Port Scanning: What It Is and When to Use It
Port scanning reveals which services are publicly exposed on a domain's server. Certain open ports are expected — others are serious security risks.
Port Scanning: What It Is and When to Use It
A port scan checks which TCP ports are open on the IP address(es) associated with a domain. Each open port represents a service listening for connections. Knowing what's exposed is fundamental to understanding a server's attack surface.
Credit Cost
A port scan costs 600 credits.
What Gets Scanned
ElasticDomain scans common TCP ports using parallel connections with a 3-second timeout per port. It also performs banner grabbing — reading the first response from open ports to identify the service and version running.
Common Ports and What They Mean
| Port | Service | Notes |
|---|---|---|
| 22 | SSH | Remote shell access — should be restricted, not open to all |
| 25 | SMTP | Email sending — if open, server may be used for spam |
| 80 | HTTP | Normal for web servers |
| 443 | HTTPS | Normal for web servers |
| 3306 | MySQL | Database — should NEVER be publicly exposed |
| 5432 | PostgreSQL | Database — should NEVER be publicly exposed |
| 6379 | Redis | Cache/queue — should NEVER be publicly exposed |
| 27017 | MongoDB | Database — should NEVER be publicly exposed |
| 8080/8443 | Alternative HTTP/HTTPS | Development or proxy ports — review if unexpected |
| 21 | FTP | File transfer — unencrypted, use SFTP instead |
| 23 | Telnet | Deprecated, unencrypted — should be closed |
| 3389 | RDP | Windows Remote Desktop — high-value attack target |
Interpreting Results
Expected Ports
A typical production web server should have only 80 and 443 open publicly. Anything else warrants investigation.
High-Risk Findings
Database ports (3306, 5432, 6379, 27017) open to the internet — This is a critical finding. Publicly exposed databases are a leading cause of data breaches. These should be immediately firewalled.
SSH (22) with no banner or weak SSH version — Consider moving SSH to a non-standard port or restricting access to known IP ranges.
FTP (21) — Unencrypted file transfer. If file transfer is needed, use SFTP (port 22) instead.
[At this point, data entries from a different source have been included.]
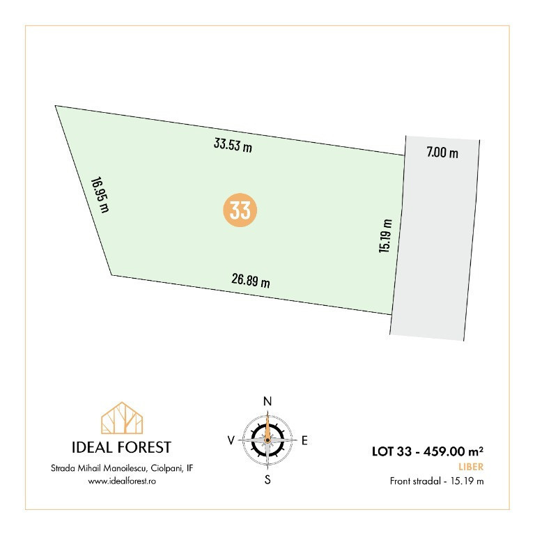 Situată la o scurtă distanță de București, comuna Ciolpani este atractivă pentru cei care doresc să se bucure de liniște și natură, fără a renunța la facilitățile oferite de un oraș mare. Pădurea Snagov oferă oportunități excelente pentru activități în aer liber, cum ar fi plimbări, drumeții sau ciclism. De asemenea, lacul Snagov este cunoscut pentru frumusețea și posibilitățile variate de agrement pe care le oferă. Oferim spre vanzare lot 33 in suprafata de 459mp, front stradal 15,19m. Pretul afisat este promotional si include canalizare si apa, lucrari efectuate la fiecare parcela doar in incinta complexului, pana la poarta si drumul la nivel de piatra concasata. Toate utilitatile la strada principala (curent,gaze, canalizare ) făcând din acesta o alegere excelentă pentru viitoarea dvs. locuință Cu o locație excelentă , este pregătit pentru a deveni baza unei investiții de succes. Pentru vizionari, oferte si alte detalii, puteti accesa site-ul .idealforest.ro sau telefonic.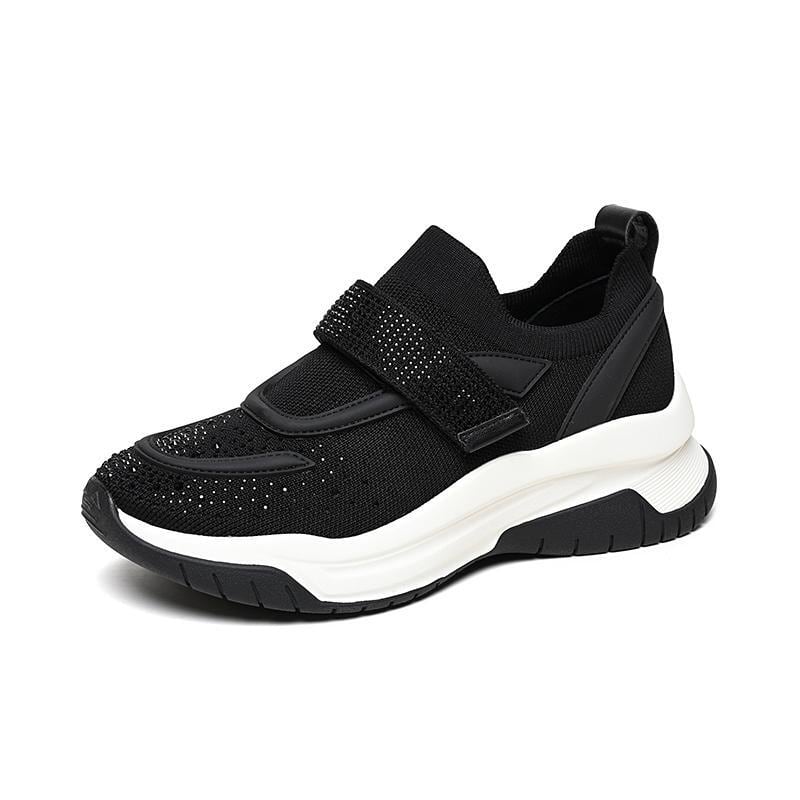 スニーカー キラキラ ラインストーン スリッポン レディース 黒 白 個性的 大人カジュアル 厚底 ソフトソール 運動靴 オシャレ きれいめ 通気性 蒸れにくい 疲れにくい 紐なし マジックテープ モノクロ ブラック ホワイト 高級感 クリスタル セレブ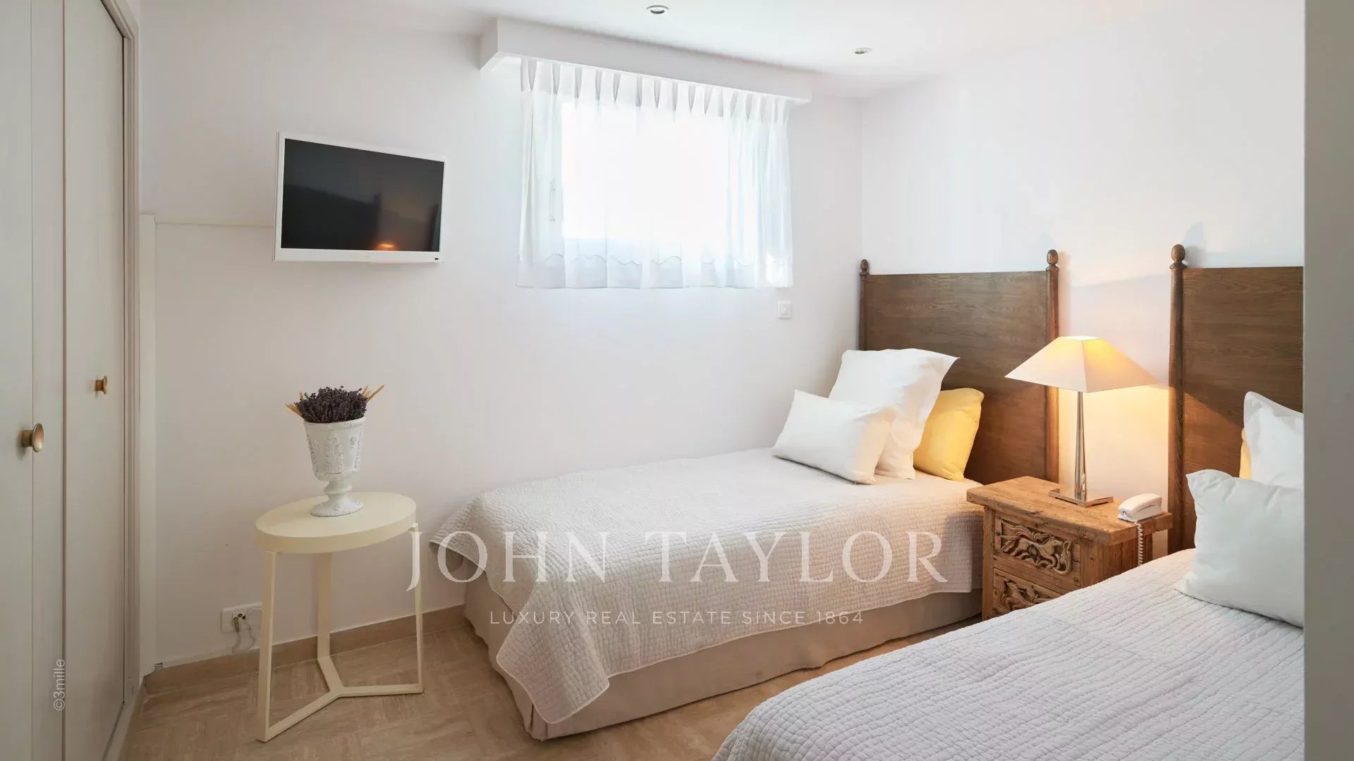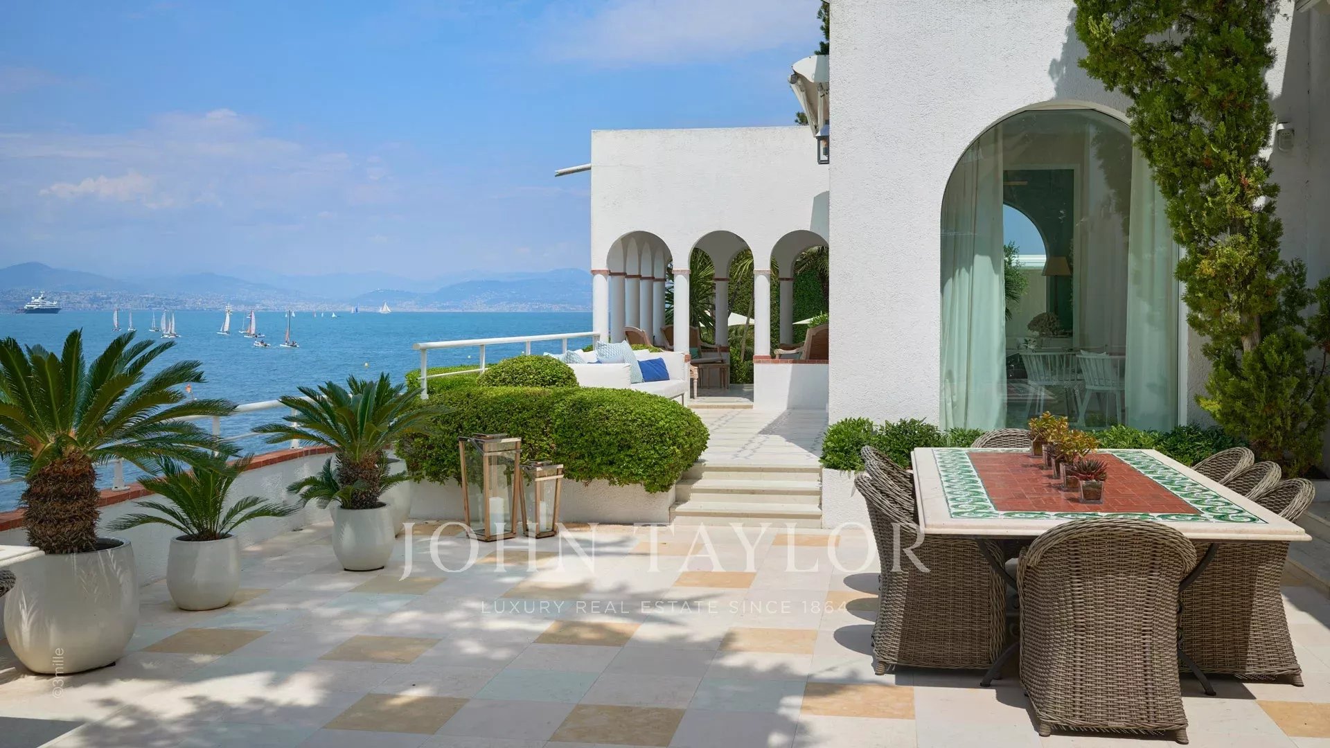 Descubra esta suntuosa villa frente al mar, que ofrece acceso privado al mar y se encuentra a pocos minutos a pie del centro de Antibes, o de sus famosos restaurantes como "Le Bacon".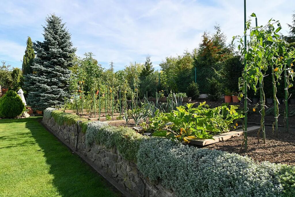 Velkorysá zahrada (1 350 m²) poskytuje dostatek soukromí a na jižní straně nemá přímé sousedy. Krytý a vyhřívaný bazén je využitelný od jara až do podzimu.

Telnet (23) — Completely deprecated. Close immediately.
When to Run a Port Scan
- When adding a new domain — run once to establish a baseline of what's exposed
- After a server migration — verify that only expected ports are open on the new server
- Security audit — periodically scan production domains to catch firewall misconfigurations
- Investigating a compromised server — unexpected open ports may indicate backdoors
Setting Up Port Change Alerts
Port scan results are stored per scan. To detect when new ports open unexpectedly:
- Domain detail → Alerts → Create Alert Rule
- Trigger: Security Threat
- This will fire if a subsequent scan detects a significant change in open services.
Port Scanning vs Security Scan
| Scan Type | Cost | What It Checks |
|---|---|---|
| Security Scan | 2 credits | HTTP security headers, blacklist status |
| Port Scan | 600 credits | TCP port exposure, service banners |
For most monitoring workflows, the 2-credit security scan is sufficient for regular checks. Run port scans selectively — when adding a domain for the first time, after server changes, or as part of a periodic security review.